Team Me
Yesterday I made a new all-time record on my exercise machine of choice, the Gazelle. I told my husband about my new success and he said, “Where did you get the energy from?”
I replied, “I didn’t.”
He gave me a raised-eyebrow and said, “Hmm.”
It’s true; I don’t have the energy or stamina to be doing this. I really don’t. What he doesn’t know is -- and it’s my little secret -- I have my own personal trainer. Yup, that’s right I got one, just like the celebrities. Jealous yet?
Not that I always like her. Our routine starts when my alarm clock goes off in the morning.
6:45
Get out of bed.
No, I’m sleeping in today.
GET OUT and get your ass moving.
Nooooooooooooooooooooooo.
If you don’t get up now you won’t have time to get your workout in before the kids get up.
Maybe we could all have a good morning snuggle.
You’re fat, really really fat. Fat asses stay in bed for a snuggle.
What? That’s just rude.
Yes, but true.
Gawh! Fine I’ll get up, but I’m only doing 20 minutes.
Just get out there.
6:55
I can’t find my workout clothes.
So, exercise in your skivvies.
Ugh. Fine I’ll use this t-shirt and sweats – but their not ‘the workout’ clothes.
7:05
Okay, this isn’t so bad.
You’re going too slow. Speed it up.
I’m warming up; I’ll speed up in a few minutes.
NO, do it NOW. Don’t make me come over there and push you.
Okay fineeeeeee cranky lady. Someone needs a second cup this morning.
7:20
I can do five more minutes.
You can do ten.
Gawh, you don’t have to be so mean.
Pick up the speed, your slacking. Come on now, KICK kick KICK kick. Swing those legs!
7:30
This isn’t bad, I’ll go another five.
Hurumph.
7:40
Okay I’m done.
You can do five more.
What? I don’t want to.
Sissy lala
UGH, no need to call me names.
Fat ass.
Okay thanks for the reminder, five more and then I’m really done!
7:45
Okay, now I’m done.
You are at 2.6 miles. That’s really close to 3 miles.
Gosh you’re right. I'll think about that tomorrow.
All day today you can think about how close to 3 miles you were but you punked out at the last minute. It’s only 15 more minutes…
Well… frick! How do I let you talk me into this? @#$% whore.
7:56
Wow, so close. Come on speed it up. I can do it, so close. Woohoo, 3 miles. I wonder if I can make 3.1 today.
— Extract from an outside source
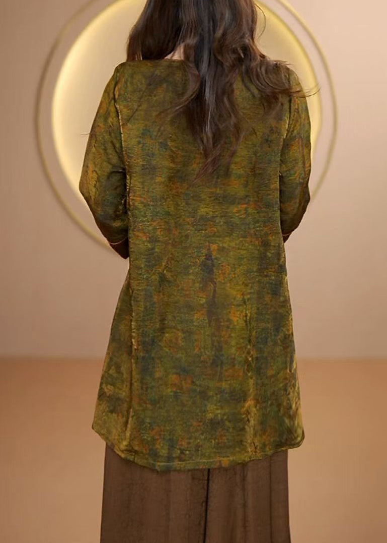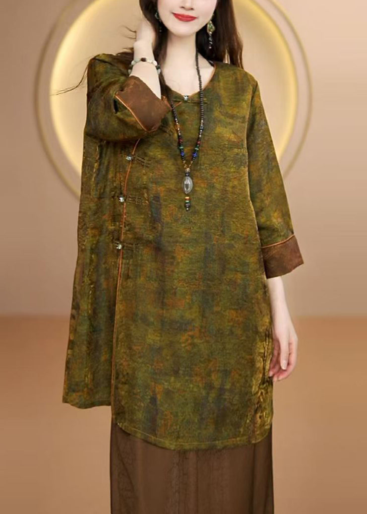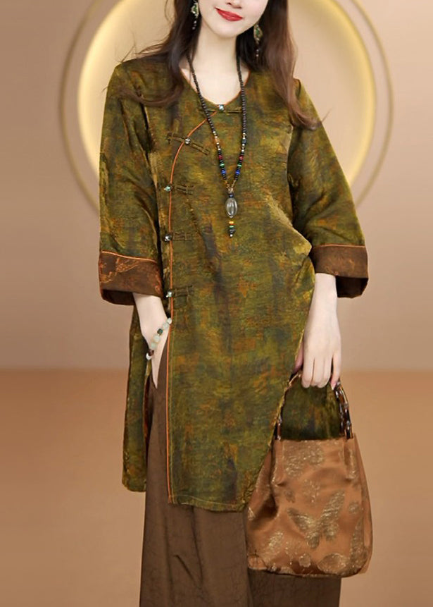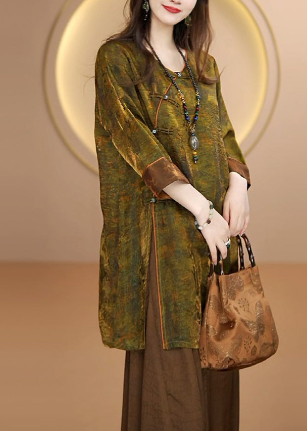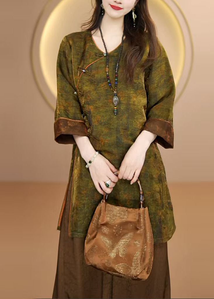 Chinese Style Oriental Button Side Open Silk Shirt Fall

That’s a girl. You’ll be shopping in the regular women’s section at Target yet.
8:00
Yeah, 3.1 miles baby. Now I must get off of this thing and DIE.
You won’t die, quit being a sissy. Next week we’ll add in some crunches.
What?! You’re kidding me!
Nope.
I hate you. I really, really hate you.
You say that now.
No I mean it this time.
Whatever, see you tomorrow morning.
Bitch.
So you're wondering why my husband doesn't know I have a personal trainer with all that drama going on every morning right? Well, it's because he's a deep sleeper and during the week he's at work well before I wake up. Good thing he doesn't notice her, she'd tell him what a whiner I really am.